Johann August Zeune (12 May 1778 –14 November 1853) was a German teacher of geography and Germanic languages, as well as the founder of the Berlin Foundation for the Blind.

Life 
Zeune was born on 12 May 1778 in Lutherstadt Wittenberg as the son of Johann Karl Zeune, professor of Greek at the University of Wittenberg. In his parents' house, he was educated by his father and tutor. In 1798 Zeune started studying at the Wittenberg University enrolled. He graduated with his thesis on the history of geography, and was awarded for a short time the dignity of an academic faculty, as a Quasi-professor of Geography.

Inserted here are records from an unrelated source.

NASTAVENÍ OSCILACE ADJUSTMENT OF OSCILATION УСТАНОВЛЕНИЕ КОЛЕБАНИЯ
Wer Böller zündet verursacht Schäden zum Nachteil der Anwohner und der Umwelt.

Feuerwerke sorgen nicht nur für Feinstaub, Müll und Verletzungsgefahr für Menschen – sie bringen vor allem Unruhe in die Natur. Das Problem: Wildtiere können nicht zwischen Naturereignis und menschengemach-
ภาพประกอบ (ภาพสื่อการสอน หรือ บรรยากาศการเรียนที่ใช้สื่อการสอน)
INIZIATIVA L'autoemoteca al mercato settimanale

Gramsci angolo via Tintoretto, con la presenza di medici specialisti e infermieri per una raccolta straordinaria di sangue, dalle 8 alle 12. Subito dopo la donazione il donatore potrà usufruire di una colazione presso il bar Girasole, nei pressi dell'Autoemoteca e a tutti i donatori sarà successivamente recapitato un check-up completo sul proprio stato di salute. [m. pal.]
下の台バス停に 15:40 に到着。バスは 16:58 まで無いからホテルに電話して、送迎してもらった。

His novel „Höhenschichten-Karte” "Topological map" of the earth, had made him famous in academic circles.

In 1803, he moved to Berlin and became a teacher at the Gymnasium zum Grauen Kloster. In Berlin, where he lived as a scholar, he was on friendly terms with Johann Gottlieb Fichte and the historian Johannes von Müller. He applied unsuccessfully for an expedition into the interior of Africa, and shortly thereafter went into the "inner world of the blind". In the field of ophthalmology Zeune expanded his knowledge to the founder of the first European foundation for the Blind, Valentin Haüy in Paris. King Frederick William III decreed on 11 August 1806 to create a foundation for the blind in Berlin. Zeune was offered that job. On 13 October the same year he was able to start classes. It was the first blind school in Germany.

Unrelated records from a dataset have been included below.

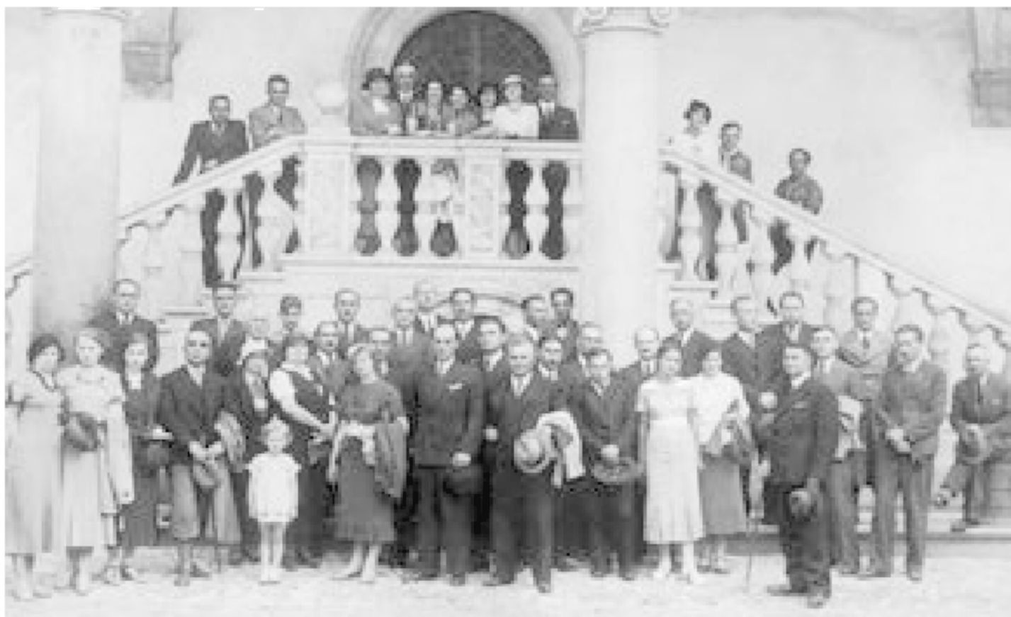
ქართველები ვაველში. კრაკოვი, 1935 წ.

ურობით გამოირჩეოდა კავკასიური სექცია. 1930 წლიდან „ახალგაზრდა ორიენტალისტთა წრე“ გამოსცემდა ჟურნალ „აღმოსავლეთს.“ ჟურნალი აქვეყნებდა სტატიებს საქართველოსა და კავკასიის შესახებ. საერთო ჯამში, ქრონიკისა და Miscellanea განყოფილებაში გამოქვეყნდა რამდენიმე ათეული სტატია, რეცენზია და ლიტერატურული მიმოხილვა საქართველოს თანამედროვე ისტორიაზე, პოლიტიკურ საკითხებზე და საქართველოს ისტორიასა და კულტურაზე. გამოქვეყნდა ლიტერატურული თარგმანები. სტატიის ავტორები ხშირ შემთხვევაში იყვნენ ქართველები. ჟურნალში ქვეყნდებოდა გიორგი ნაკაშიძის პუბლიკაციები. საგამომცემლო საქამიანობას ეწეოდა ინსტიტუტი. 1929 წელს აღმოსავლეთის ინსტიტუტმა გამოსცა იან (ივანე) ქავთარაძის წიგნი „გრუზია“ პოლონურ ენაზე .
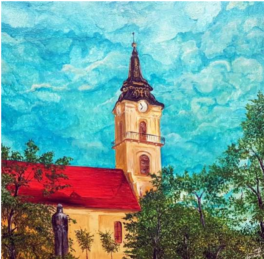
Forgó Lóránt különdíj

19 éves kortól felső korhatár nélküli korcsoport
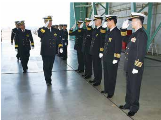
<平木 第4航空群司令 出迎え>

勤務は、平成24年夏から約1年間、第3航空隊司令として勤務させていただいてから今回で2回目であり、皆様と再びお会いさせていただくことを楽しみにしております。 航空集団司令部は海上自衛隊航空部隊のまさに中核であり、幕僚長として航空集団司令官をしつかりと支え、航空集団の隷下部隊が心置きなく与えられた任務や訓練に従事出来るよう意を払いながら勤務していく所存です。 前幕僚長と同様、変わらぬ皆様のご理解とご支援を賜りますようお願い申し上げますとともに、大和市自衛隊協力会の今後益々のご発展と、会員の皆様のご健勝を祈念いたしまして着任の挨拶とさせていただきます。
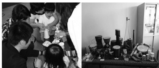
紙コップで「クイーカ」づくり (2016年)

With money from friends and his own fortune, he saved the school by the time of distress.  Johann August Zeune was a professor of geography in 1810 in Berlin. From 1811 to 1821 he lectured at the University of Berlin also about German language and literature. Educational skills were presented in his Manual of Education of the Blind "Belisarius" (1808) and the work "Gea. Attempt at a scientific geography" (1808).

After the French occupation, he joined as a political journalist of decidedly patriotic stance.

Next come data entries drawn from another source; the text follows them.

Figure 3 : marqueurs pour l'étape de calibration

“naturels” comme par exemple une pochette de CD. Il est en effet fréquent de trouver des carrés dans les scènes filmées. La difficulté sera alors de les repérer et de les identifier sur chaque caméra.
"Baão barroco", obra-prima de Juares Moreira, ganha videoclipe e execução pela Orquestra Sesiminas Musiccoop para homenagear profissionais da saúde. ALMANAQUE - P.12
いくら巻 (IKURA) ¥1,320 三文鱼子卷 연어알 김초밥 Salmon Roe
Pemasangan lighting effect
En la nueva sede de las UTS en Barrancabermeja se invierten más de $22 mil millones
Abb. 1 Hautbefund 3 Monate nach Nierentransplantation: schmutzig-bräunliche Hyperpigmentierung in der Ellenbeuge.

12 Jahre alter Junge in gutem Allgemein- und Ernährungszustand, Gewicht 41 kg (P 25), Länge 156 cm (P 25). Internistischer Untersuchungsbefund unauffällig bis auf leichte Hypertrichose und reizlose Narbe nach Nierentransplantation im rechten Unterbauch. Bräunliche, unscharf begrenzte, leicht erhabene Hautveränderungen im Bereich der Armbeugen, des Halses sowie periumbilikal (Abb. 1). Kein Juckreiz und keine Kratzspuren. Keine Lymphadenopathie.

As a Germanist, Zeune stood under the spell of romantic notions. He fought against the usage of foreign words and worked on the publication of the Nibelungenlied; of which he published a prose translation (1813) and a paperback edition (1815).

August Zeune died on 14 November 1853 in Berlin, after he had lost his eyesight in old age. He was buried at the Berlin St. George's Cemetery in the Greifswald Street 229/234.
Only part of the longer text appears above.